INPUT FOR THIS TASK
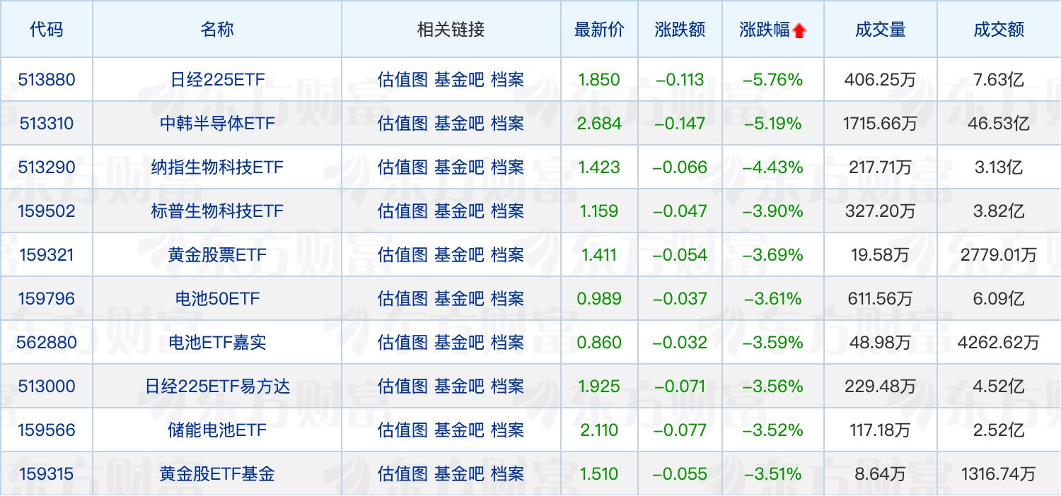 下跌方面,日经225ETF、中韩半导体ETF跌幅超过5%,纳指生物科技ETF也进入跌幅榜前列。
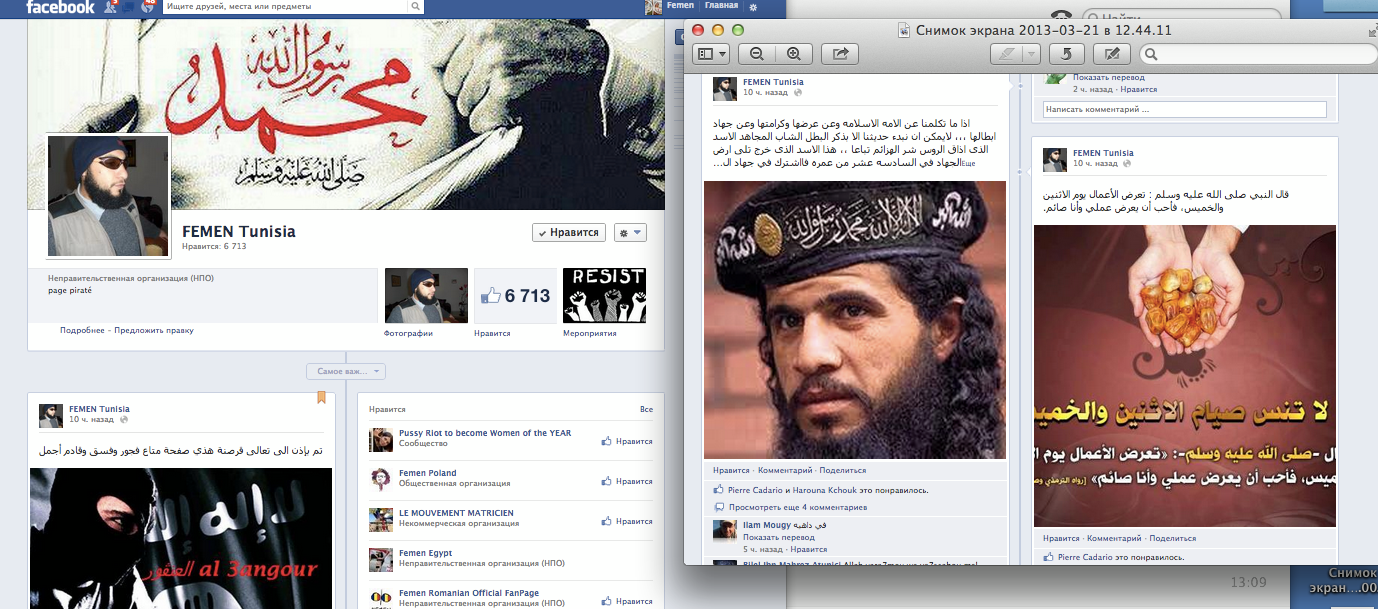 Madrid, 21 Mar (Notimex).- Piratas cibernéticos hackearon hoy la pérfil de Facebook de el movimiento feminista Femen en Túnez y cambiaron sus características fotografías en topless, por el pecho desnudo de un hombre con el nombre en árabe del profeta Mahoma.
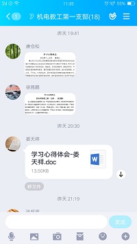 机电教工第一党支部党员在群里分享学习心得
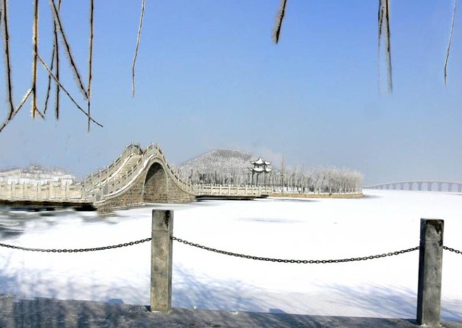 又名十七孔橋,是東阿縣跨度最大的一座橋。由十七個橋孔組成,總跨度142米,水面高度9.9米,它似一條玉帶,鑲嵌在碧波蕩漾的洛神湖上。
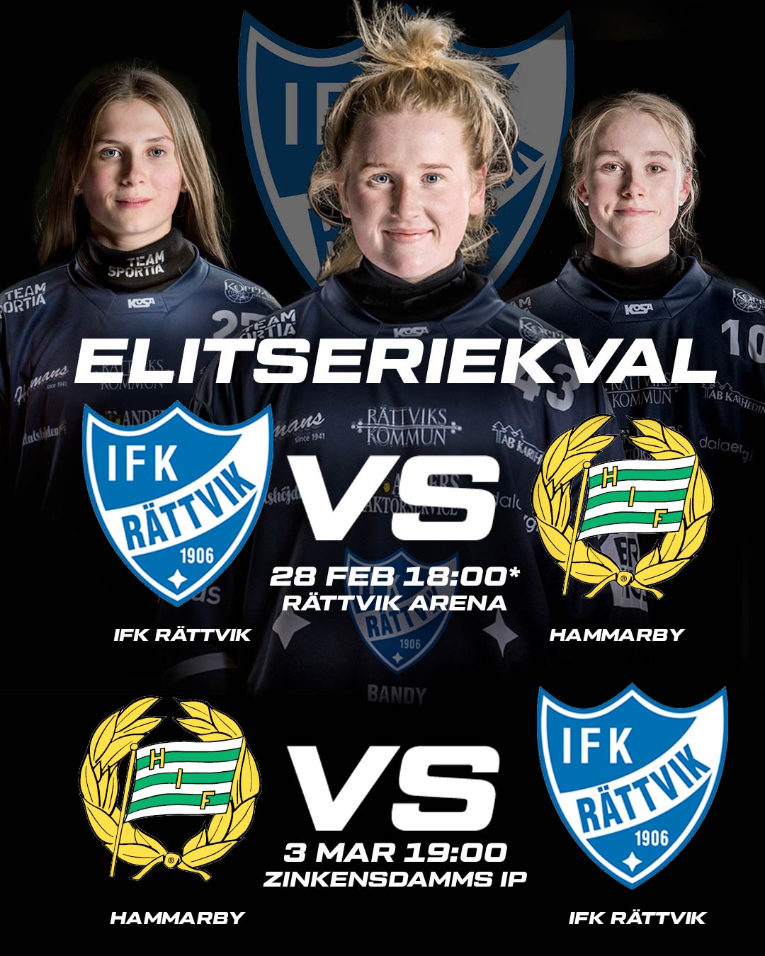 Nyheter Dam Nyheter Föreningen 2023-02-14 Damerna i kval till Elitserien Vårt budskap denna Alla Hjärtans Dag ❤️, är att Tisdagsvällen den 28 februari ska vi alla försöka att vara på plats i Arenan då vi kvalar mot Hammarby IF om platsen i Elitserien nästa säsong! Kvalet…
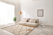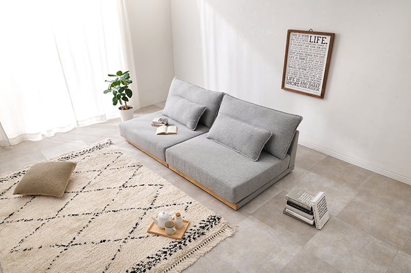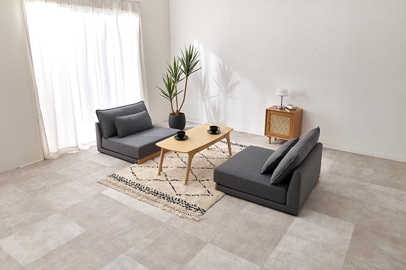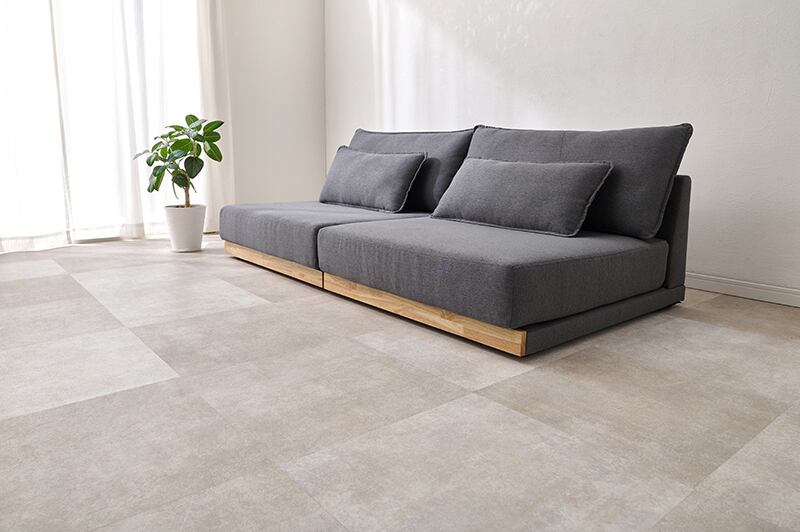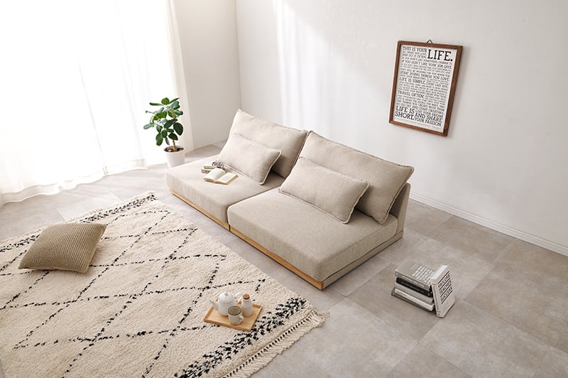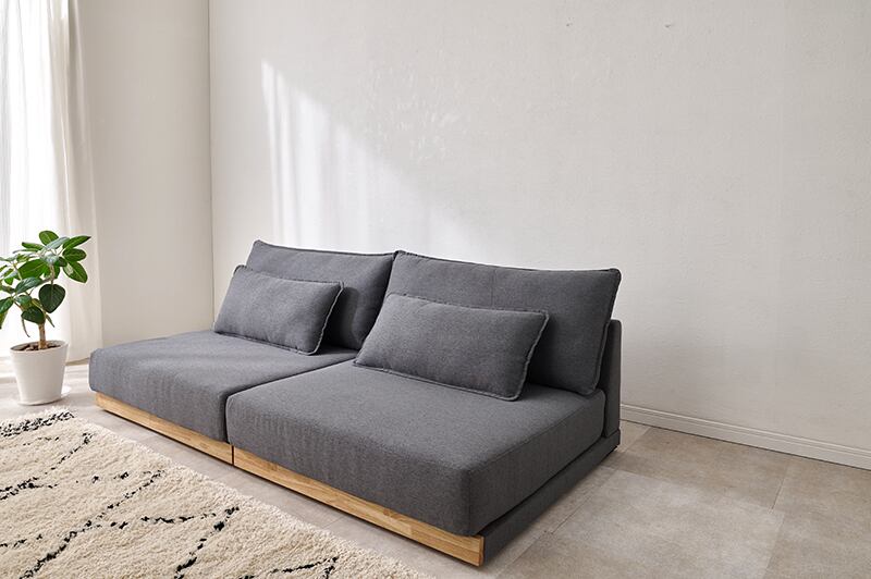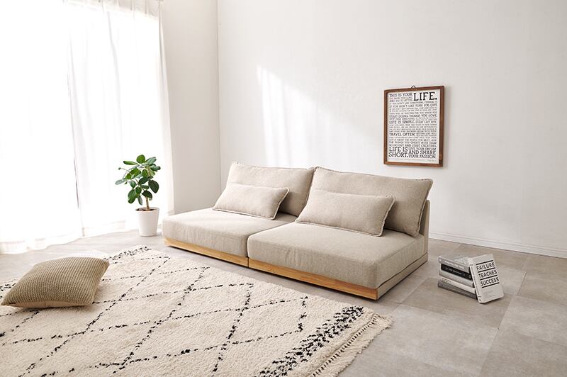 アームレスタイプの幅広ソファなのでゆったりとくつろげます。背もたれクッションと座面にフェザーが入っており体を優しく包み込むような座り心地。

EXERCISE OBJECTIVE
Write out the data above precisely. Pictures stay out.

EXERCISE SOLUTION
 下跌方面,日经225ETF、中韩半导体ETF跌幅超过5%,纳指生物科技ETF也进入跌幅榜前列。
 Madrid, 21 Mar (Notimex).- Piratas cibernéticos hackearon hoy la pérfil de Facebook de el movimiento feminista Femen en Túnez y cambiaron sus características fotografías en topless, por el pecho desnudo de un hombre con el nombre en árabe del profeta Mahoma.
 机电教工第一党支部党员在群里分享学习心得
 又名十七孔橋,是東阿縣跨度最大的一座橋。由十七個橋孔組成,總跨度142米,水面高度9.9米,它似一條玉帶,鑲嵌在碧波蕩漾的洛神湖上。
 Nyheter Dam Nyheter Föreningen 2023-02-14 Damerna i kval till Elitserien Vårt budskap denna Alla Hjärtans Dag ❤️, är att Tisdagsvällen den 28 februari ska vi alla försöka att vara på plats i Arenan då vi kvalar mot Hammarby IF om platsen i Elitserien nästa säsong! Kvalet…
 アームレスタイプの幅広ソファなのでゆったりとくつろげます。背もたれクッションと座面にフェザーが入っており体を優しく包み込むような座り心地。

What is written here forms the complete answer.